DATA:
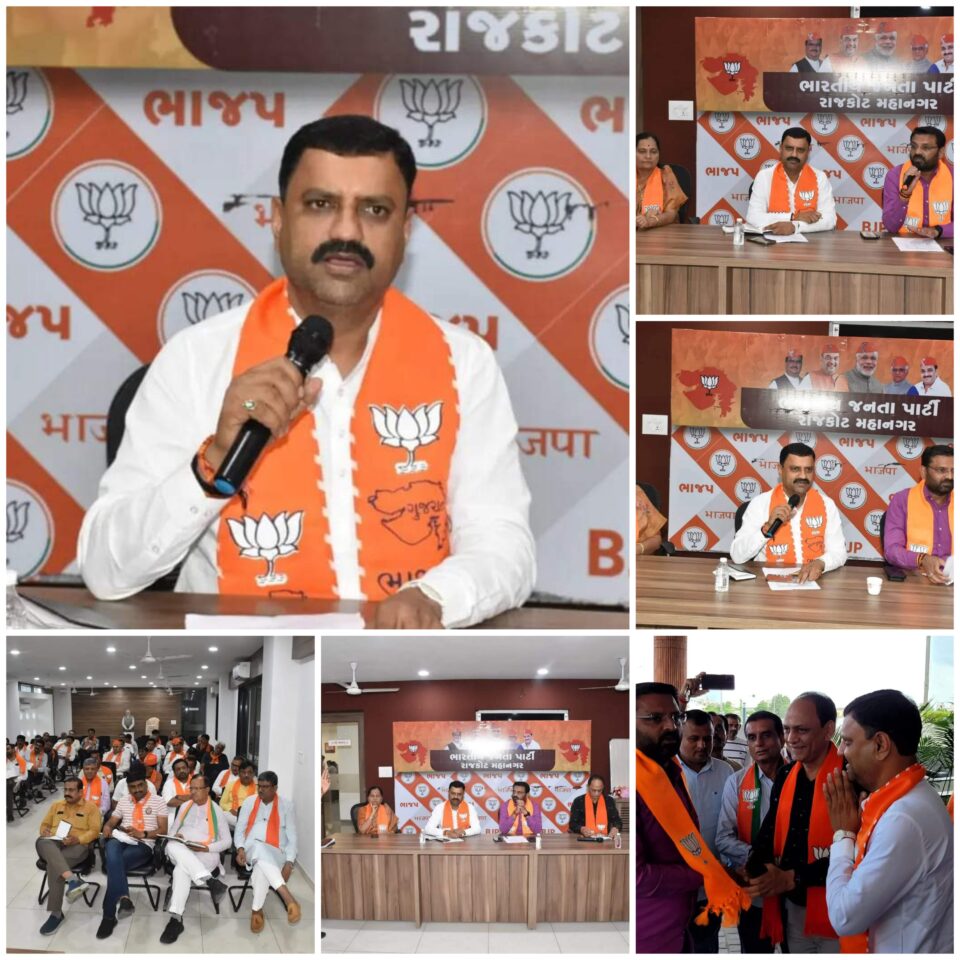 રાજકોટ મહાનગર ખાતે આગામી ૨૭ જુલાઈએ હીરાસર એરપોર્ટ લોકાર્પણ તથા ૨૨૦૦ કરોડના વિકાસ કાર્યોનું લોકાર્પણ માનનીય પ્રધાનમંત્રીશ્રી નરેન્દ્રભાઈ મોદી જીના હસ્તે થવાનું છે, જેના માટે કાર્યકર્તાઓ સાથે મિટિંગ યોજાય
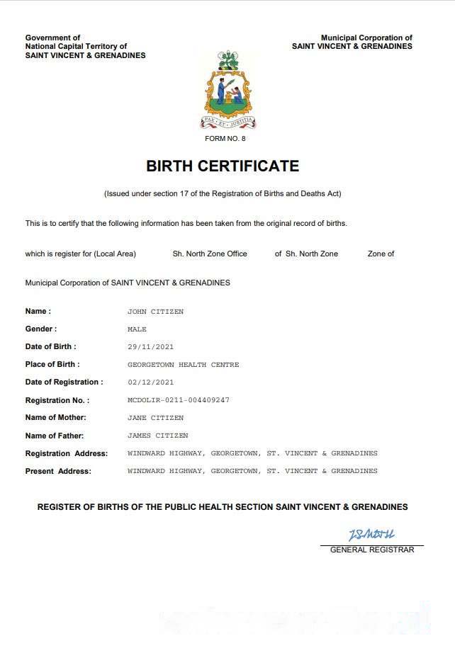 Saint Vincent & Grenadines vital record birth certificate Word and PDF template download template file
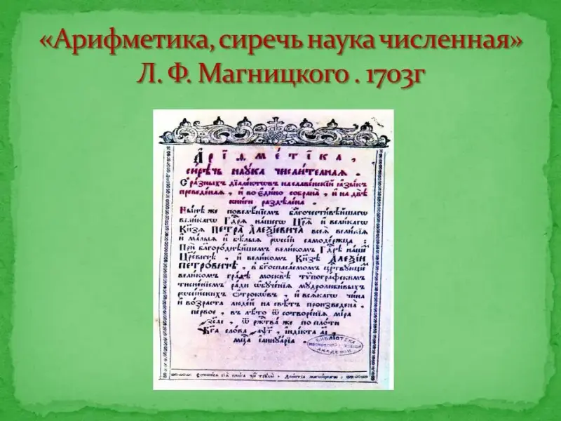 Кроме того были заменены буквенные обозначения чисел арабскими цифрами. Первые русские книги с арабскими цифрами появились в 1703 году Слайды 10, 11.
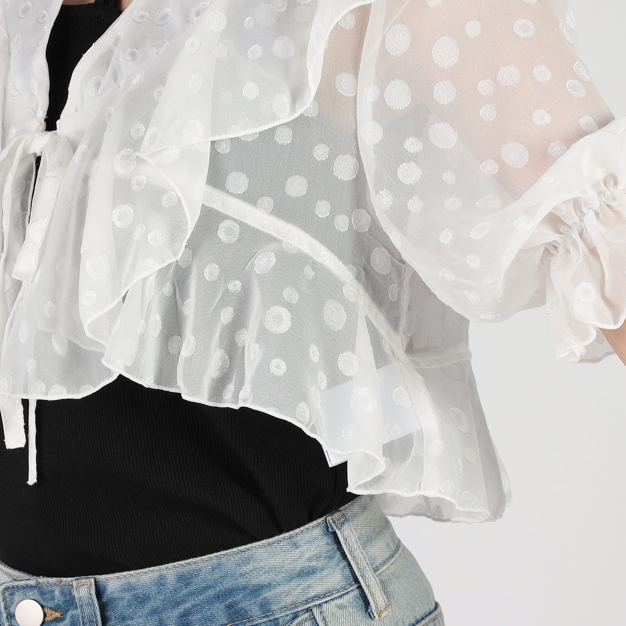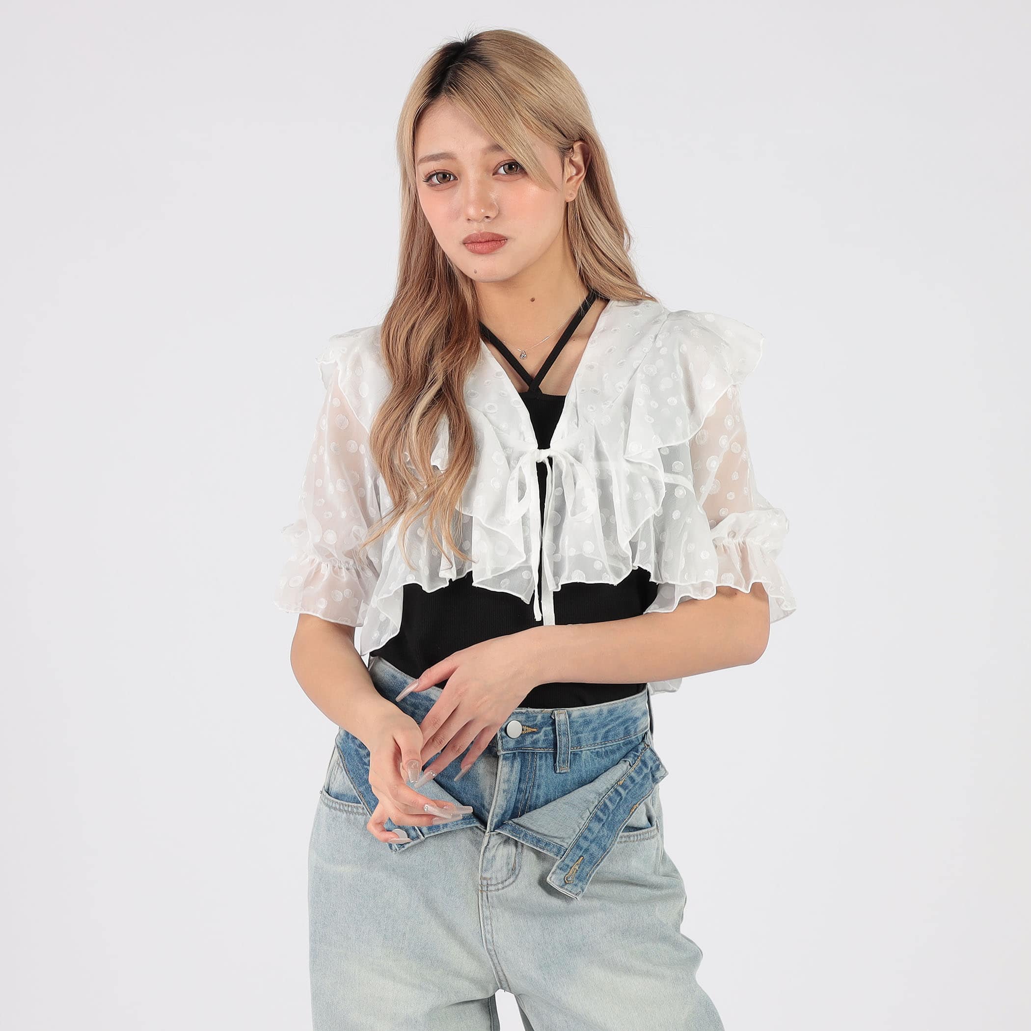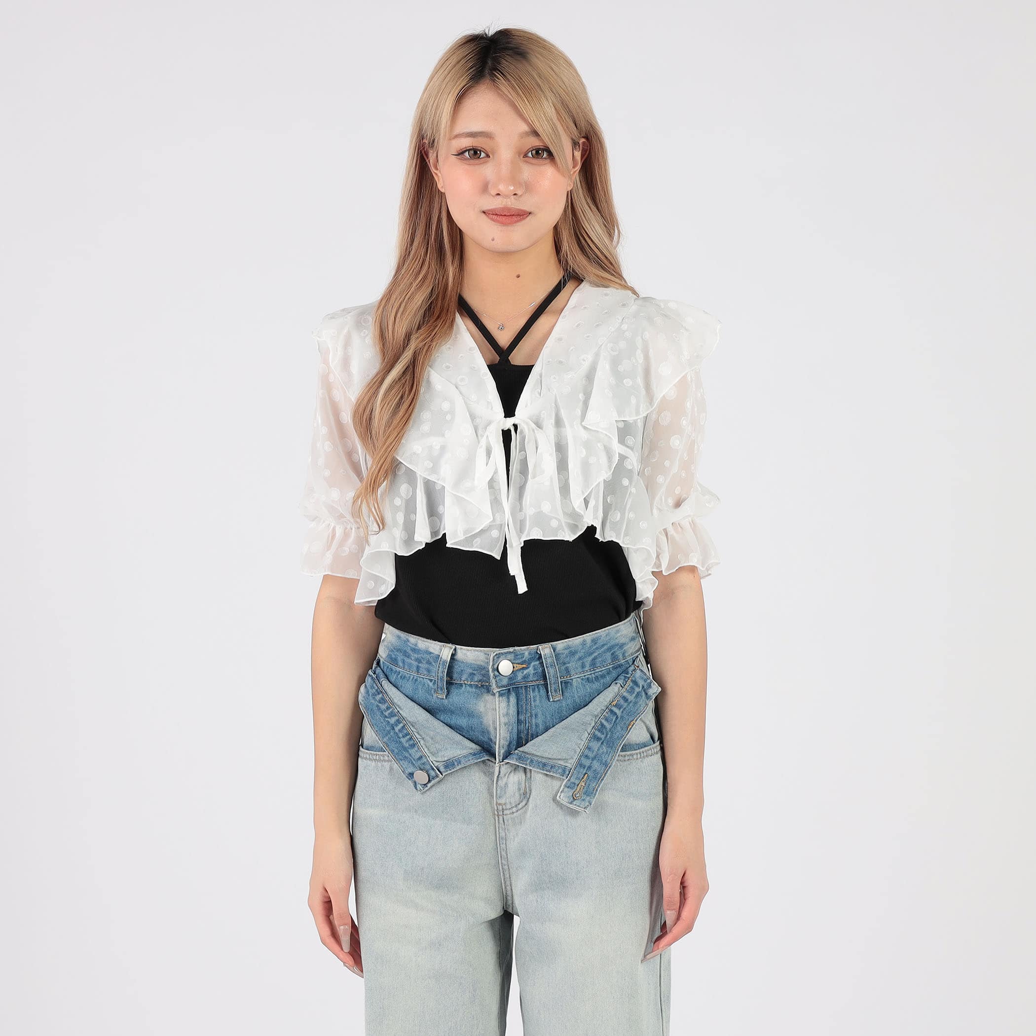 ラッフルデザインが可愛いフリルブラウス。シフォン素材のさりげない透け感が今年らしいコーディネートを演出。袖口がキャンディースリーブになっているのも可愛いポイント☆フロントをリボンで結ぶデザインなので、ブラウスとしても、前を開けて軽い羽織りとして着ても使える1着です。

BRIEF: Without the pictures, transcribe the lines from the one containing "Кроме того были" through the end of the data, exactly and only those.

OUTPUT:
 Кроме того были заменены буквенные обозначения чисел арабскими цифрами. Первые русские книги с арабскими цифрами появились в 1703 году Слайды 10, 11.
 ラッフルデザインが可愛いフリルブラウス。シフォン素材のさりげない透け感が今年らしいコーディネートを演出。袖口がキャンディースリーブになっているのも可愛いポイント☆フロントをリボンで結ぶデザインなので、ブラウスとしても、前を開けて軽い羽織りとして着ても使える1着です。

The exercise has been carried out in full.